Fig. 5 Comparison of gas phase structural ensembles for s = +8, +11 and +13 calculated using the SRA and solution ensembles with distance restraints obtained by spin label NMR and the unbiased XL-native MS/MS data. (A) Box and whisker plots of the calculated R_g distributions for SRA +8, +11, and +13 ensembles, (B) R_eevs. R_g for SRA +8, +11 and +13 ensembles (labeled in black, red, and blue respectively). (C) R_eevs. R_g for NMR (grey) and XL-native MS/MS (orange) ensembles.

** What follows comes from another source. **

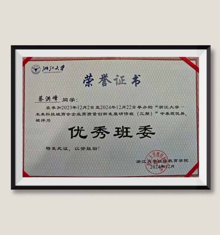 蔡洪峰老师:在参加2023年12月2日至2024年12月22日举办的“浙江大学——未来科技城商会高质量创新发展研修班(三期)”中表现优异,被评为“优秀班委”。

Strikingly, the R_ee distribution plotted as a function of R_g in Fig. 5B for the SRA conformers versus the solution conformers in Fig. 5C highlights not only that a portion of the +13 charge state conformers is extremely extended (R_ee ≫ 175 Å) but also shows a strange feature with similar R_g to the solution ensembles but extremely small R_ee. This shows that a significant subpopulation has mass distributed away from the center of mass, but the N and C termini are positioned very close to one another, indicative of head-to-tail cyclization which was not observed for the solution ensemble.³² Therefore, while some of the SRA conformers are in fact similar to the solution distributions, there are new subpopulations at the extremes that are only populated in the gas phase.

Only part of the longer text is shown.